- Born: Madhura Ghane 1997 (age 28–29) Kalyan, Maharashtra, India
- Origin: Varunbhushi, Maharashtra, India
- Genres: Rap
- Occupations: Rapper Lyricist Engineer
- Years active: 2021–present

= Mahi G =

Indian rapper (born 1997)

Madhura Ghane (born c. 1997), known professionally as Mahi G, is an Indian rapper. Born into a Mahadev Koli family in Maharashtra, she is known for her music reflecting on the issues facing Adivasi and Dalit communities in India.

== Early life and education ==
Ghane was born and raised in Kalyan, a city in the Mumbai Metropolitan Region, to Koli parents originally from the village of Varanbhushi in the Ahmednagar district of Maharashtra. Ghane's father was a bus driver and her mother was a homemaker. Despite living away from the Mahadev Koli's ancestral land, Ghane was raised in Koli culture, and visited Varanbhushi semi-regularly.

While Koli girls have higher rates of dropping out of education and marrying young, Ghane's mother encouraged her to focus on her education. She studied electronic and communication engineering at college, and worked as an engineer at Infosys, using her income to fund her music.

== Career ==
Ghane moved to Mumbai to work as an engineer, but during the COVID-19 pandemic, she lived with her grandmother in Varanbhushi, where she witnessed the impact of displacement and pollution on rural farming communities. Ghane began writing poetry in Hindi and Marathi. She transitioned to rapping after being inspired by the 2020–2021 Indian farmers' protest, as well as the 2019 film Gully Boy, which followed aspiring rappers living in Mumbai.

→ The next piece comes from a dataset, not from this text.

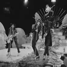 New York Dolls was released on July 27, 1973, in the United States and on October 19 in the United Kingdom.[38] Its controversial cover featured the band dressed in exaggerated drag, including high wigs, messy make-up, high heels, and garters.[22] The photo was used for shock value, and on the back of the album, the band is photographed in their usual stage wear.[39] To announce the album's release, Mercury published an advertisement slogan that read "Introducing The New York Dolls: A Band You're Gonna Like, Whether You Like It Or Not", while other ads called them "The Band You Love to Hate".[40] Two double A-sided, 7-inch singles were released – "Trash" / "Personality Crisis" in July and "Jet Boy" / "Vietnamese Baby" in November 1973 – neither of which charted.[41]

Much of Ghane's music documents the lives of the Adivasi and Dalit communities in India, who live outside of the country's entrenched caste system. Common themes in her work include the impact of climate change on rural communities ("Hasdeo Ki Kahani"); violence against women ("Kab Tak"); the experiences of the hijra community ("Haq Se Hijra"); and the work of anti-caste activists such as B. R. Ambedkar ("Baapmanus"). During the 2025 India–Pakistan heat wave, and to mark World Environment Day, Ghane released the single "Heatwave" in collaboration with Greenpeace India and RapBoss, in which she rapped out the impact of climate change on manual workers.

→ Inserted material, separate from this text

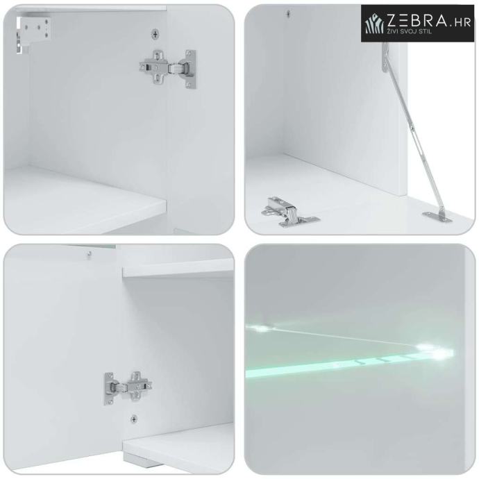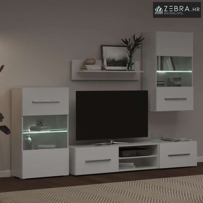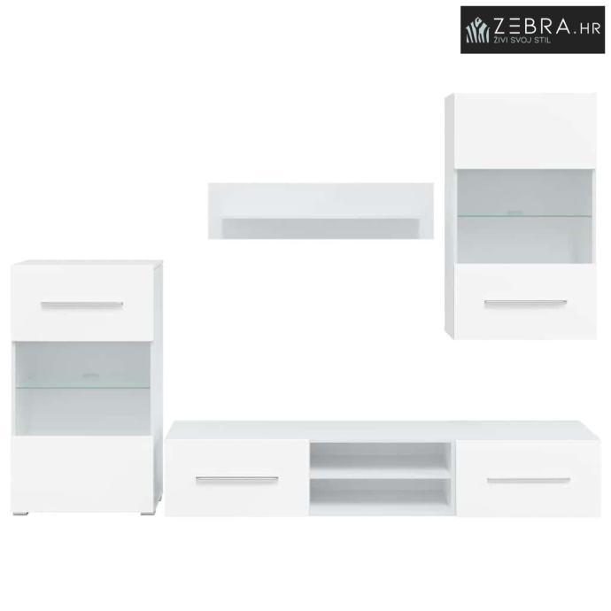 Ovaj set, koji se sastoji od zidnog ormarića, samostojećeg ormarića, dvaju TV ormarića i zidne police, pruža dovoljno prostora za spremanje vaših multimedijskih uređaja, knjiga i raznih manjih predmeta. Također će biti idealan za izlaganje ukrasnih predmeta, okvira s fotografijama ili čak lončanica. TV ormarići s vratima na spuštanje pružaju dovoljno prostora za čuvanje vaših knjiga, DVD playera, medijskih nosača itd. dobro organiziranima. Zidni ormarić i samostojeći ormarić opremljeni su djelomično ostakljenim vratima i trima policama, uključujući jednu staklenu policu s energetski učinkovitom LED rasvjetom u bijeloj boji.

During her performances, Ghane has been known to incorporate traditional Adivasi clothing from tribes living in Chhattisgarh, Jharkhand, Maharashtra and Madhya Pradesh into her outfits, including wearing kurtas, lugra saris, and ambadas. Ghane performed at RADA, the first Marathi pop culture festival; she has also performed internationally, including in Nepal, where her performance coincided with the outbreak of the 2025 Nepalese Gen Z protests.

In 2025, Ghane's 2021 debut single "Jungale Cha Raja" went viral on social media where it was frequently used by videos about climate change. Famous users of the song included the director Anurag Kashyap, and Ghane was compared to fellow Adivasi rapper Arivu; the song's lyrics included references to the Adevasi foundational beliefs of jal (water), jangal (forest) and jameen (land). That same year, Ghane received the Indie Music Creator prize at the Lokmat Social Media Awards, as well as the Fatimabi Savitri Puraskar from Maharashtra's Women Commission in recognition of her speaking out on social injustice.